When I was a kid, and I am sure the same thing applies to
you, there was never any problem thinking of something that you wanted for your
birthday or Christmas. My brother and I would sit down with either the Simpson’s
or Eaton’s catalogues on our laps turned to the toy or sporting goods section
and start pointing. I don’t remember circling the hundreds of toys that we
wanted, but there was really no need. We wanted it all! The decision was my
parents to make, as to which of the hundreds of toys do we really, really need.
They were pretty good I suppose, as I don’t remember ever
being disappointed on my birthday or at Christmas. I have pictures of Steve and
I at Christmas surrounded by toys, wearing a cowboy hat, holster and cap guns
one year and the next year dressed in a full hockey outfit. Strangely, neither
Steve nor I ever played hockey and I at least never fired a gun in anger. I can’t
talk for Steve. What I didn’t notice in the pictures were any gifts for my mom
and dad. I’m sure they had gifts, but they were adult gifts which at the time
you wouldn’t pose for the camera in your new underwear and socks.
I have a birthday coming up and to tell you the truth, there
just isn’t anything that I really want.
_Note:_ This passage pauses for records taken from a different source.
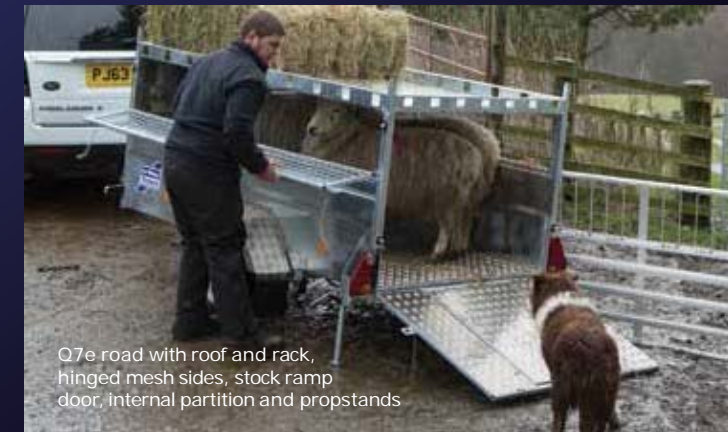
Q7e road with roof and rack, hinged mesh sides, stock ramp door, internal partition and propstands

* El techo y la baca tienen un peso máximo recomendado de 50 kg y utiliza dos cierres que se quitan fácilmente.
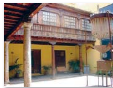
Geschichtsmuseum in La Laguna

30.5. Museumsnächte. Info 922 825 949. Geschichtsmuseum in La Laguna um 20.30 Uhr
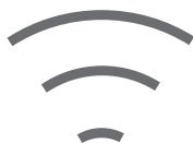
Aplikacja MG iSMART

Płynna jazda, inteligentna konstrukcja, niskie koszty eksploatacji, energetyzujący wygląd – wszystko to zapewnia niesamowite doznania.
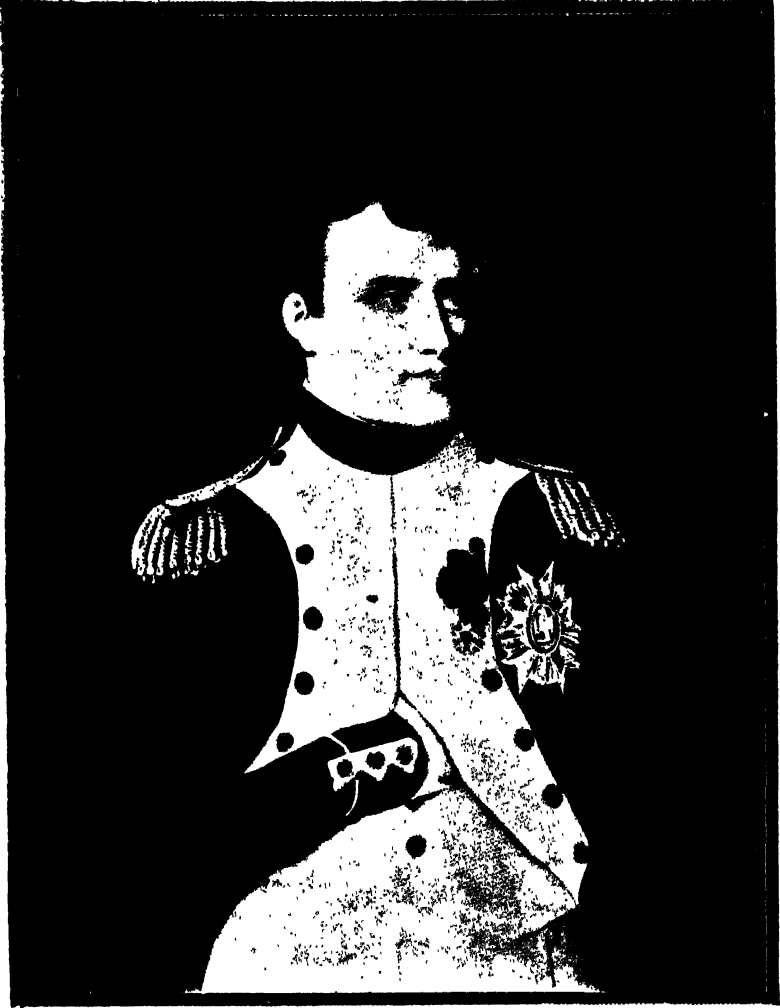
नपोलियन बोना पार्टे ।
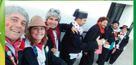
Los Lazarillos... no vea qué ciego chiquillo Chirigota
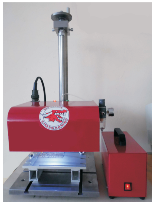
Машина RDB с маркировочным окном 200x150 мм
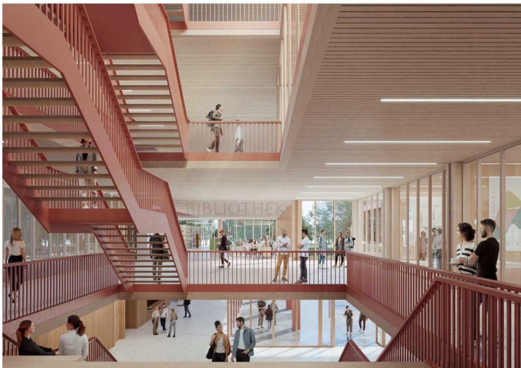
Abbildung 2 Innenraumrendering Quelle: Architekturbüro a+r Architekten mit bäuerle landschaftsarchitektur + stadtplanung
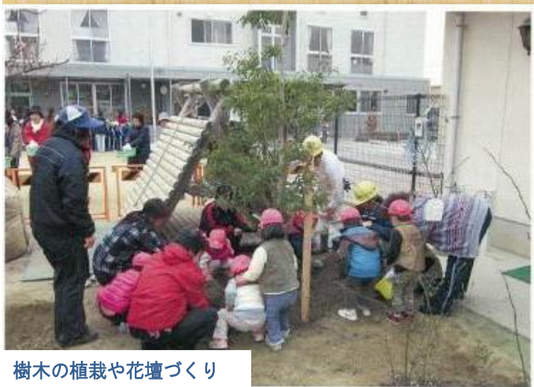
樹木の植栽や花壇づくり
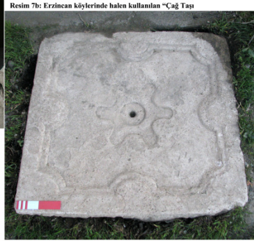
Resim 7b: Erzincan köylerinde halen kullanılan "Çağ Taşı"

I feel like the happiest man on earth
looking into the Mirror of Erised, I just see myself as I am. I have more than
enough tools than I use or need, I have clothes that have yet to wear out and
there are more electronic, shiny things around here than I can keep track of.
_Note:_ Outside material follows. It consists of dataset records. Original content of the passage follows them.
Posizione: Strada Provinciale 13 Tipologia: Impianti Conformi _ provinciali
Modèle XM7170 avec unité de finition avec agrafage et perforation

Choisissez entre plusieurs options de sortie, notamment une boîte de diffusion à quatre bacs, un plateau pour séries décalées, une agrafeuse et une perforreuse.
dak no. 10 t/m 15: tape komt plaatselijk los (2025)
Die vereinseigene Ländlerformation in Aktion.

I’m not one of those people that like donations to worthy
causes in my name because generally I’m just not that generous. I’m not particularly
in favour of African children going hungry, and I certainly don’t like PKD,
Cancer or Juvenile Diabetes and to the many millions of people worldwide that
have had their lives overturned by some natural disaster, it really sucks to be
you. I think people should donate in their own name, not just for the tax
receipt, but for the feeling of well being that it will give you. When someone
does it for me, I can’t even enjoy the feeling that I did something good.
Someone else did something good and paid lip service to me.
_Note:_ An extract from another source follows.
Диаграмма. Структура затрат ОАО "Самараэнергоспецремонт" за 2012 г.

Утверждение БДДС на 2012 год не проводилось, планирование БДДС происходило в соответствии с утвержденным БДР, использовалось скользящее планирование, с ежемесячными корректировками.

There are things that I do want, but they fall into the
category of dreams rather than wants or needs. I would love a nice large house
on Oahu with a pool in the back yard, a workshop and
about a five minute walk to the beach. I’d like to have enough disposable cash
that I could fly (first class) to visit my friends wherever they might be in
the world. It would be nice to take everyone I know to Las
Vegas and watch their eyes pop at how surreal the
place is. I’d like to get the grass to grow on the front lawn without needing
to do anything to help it along. It should “want” to grow for me. I’d like to
meet a few famous people that I think would be interesting and get a chance to
talk for a few hours with them. I’d like to feel that I have earned the love I
get from my family, all of the time.
Most of those things are pretty hard to wrap in paper or to
get without a change in my circumstances, but being the happiest man on earth,
I am pretty satisfied with the image that I see in the mirror.